Now, we have same-origin and cross-origin accesses to these resources, with and without credentials.

What I'm trying to understand is why the bug isn't with the omission of Vary: Cookie, WWW-Authenticate. I'm not sure your phrasing in https://github.com/whatwg/fetch/issues/307#issuecomment-285113449 is what I'd agree with, if only because isn't this what Vary is supposed to be for?

Your statement about TLS certificates leaves me similarly confused, because I would have understood if the argument is that because TLS is a transport-level authentication mechanism, you can't Vary it in the Response. Further, I could understand/appreciate if the argument was that the existence of connection-based authentication headers that abuse(d) HTTP/1.1 (namely, NTLM, Kerberos, and Negotiate) means that some requests would omit the HTTP-Authorization header, and thus fail to be able to be Vary'd on them.

To me, I read that similar to what @mnot suggested originally (if I understood https://github.com/whatwg/fetch/issues/307#issuecomment-282898783 correctly), which is that the existence of intermediate proxies means that this is already a problem - but only for servers that vary the content on the same resource identifier based on what fetch() calls "credentials" but which are actually a complex set of relationships - both part of HTTP and of the underlying transport.

annevk commented 7 years ago

Intermediate proxies can be a problem, yes, but are not in use for most simple sites, which will use increasingly use HTTPS (defeating other kinds of proxies).

I think the bug isn't the omission of Vary because 1) Vary isn't very reliable 2) it's extremely easy to add a header unconditionally and it's been somewhat widely broadcast that it's safe to do so 3) browsers typically offer defense-in-depth even when sites could have protected themselves better (case in point: intranets).

sleevi commented 7 years ago

but are not in use for most simple sites, which will use increasingly use HTTPS (defeating other kinds of proxies).

I'm not sure I agree with this claim, if only because it's made without data. For example, most simple sites shouldn't run into this problem (therefore, should we only focus on complex sites, which may use this?).

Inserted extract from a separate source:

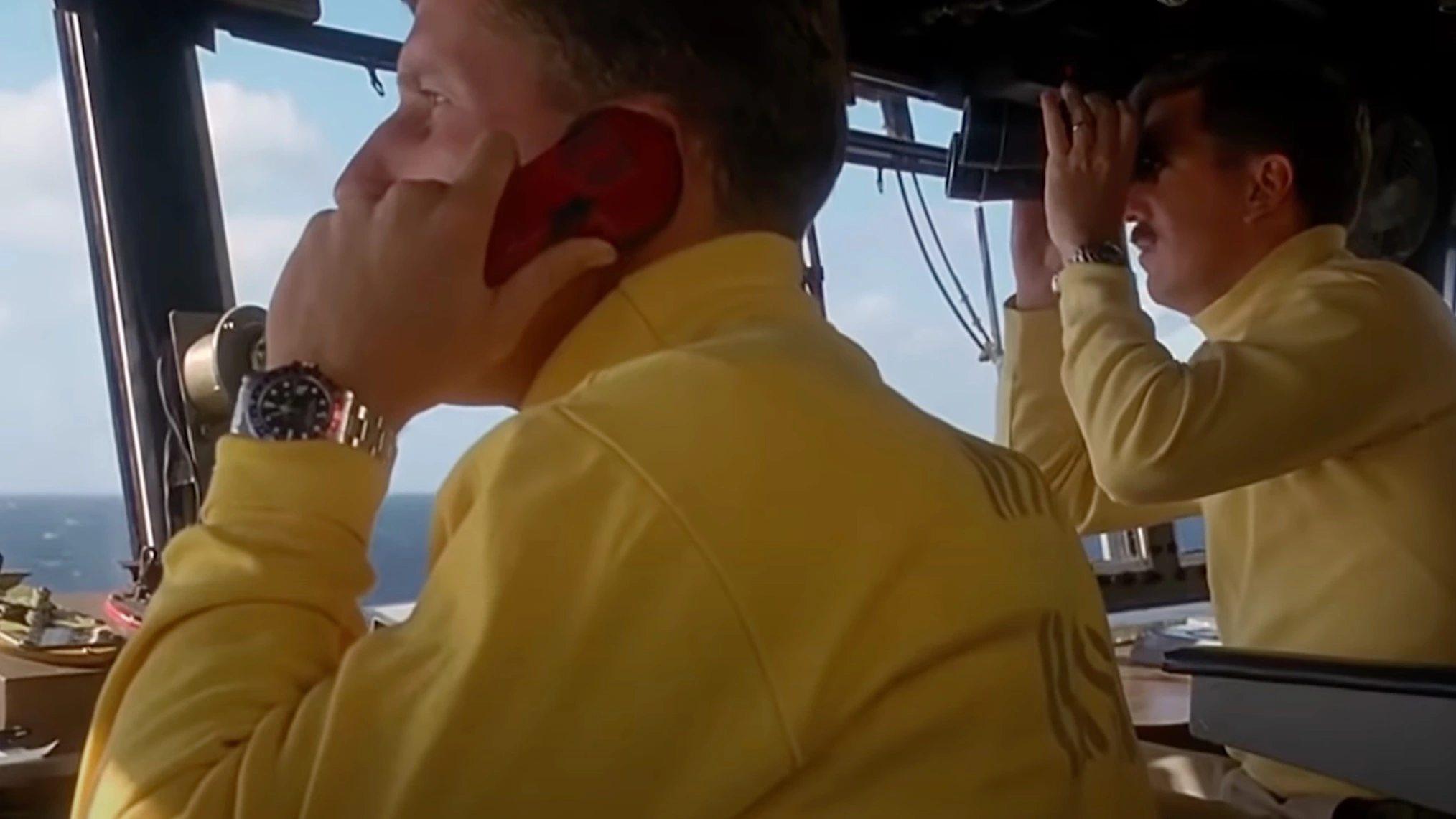 ·From Tomorrow Never Dies, one of the crew of the stealth ship clearly wearing an Omega Speedmaster.

But also, even many simple sites do increasingly use intermediate proxies, hosted by the CDN performing the TLS termination on their behalf, which then communicates directly with their resources. Think Akamai or Cloudflare - which seem to be pretty well used at this point :)

browsers typically offer defense-in-depth even when sites could have protected themselves better (case in point: intranets)

I'm not sure I agree with this either. Browsers try to ensure the flexibility to afford controls for the site operator to match intent and behaviour, but I don't think they can or do strive to prevent 'misuse' of those controls. I think the scenario you've described, at least as I tried to summarize in https://github.com/whatwg/fetch/issues/307#issuecomment-285116968 , sounds like a misuse of the controls rather than an absence of controls, but I'm trying to make sure I understand the issue fully.

mnot commented 6 years ago

Just a reminder: the HTTP caching document is being revised, so if we can come to a resolution here, it's possible to get some text in there as well (subject to consensus in the HTTP WG etc.).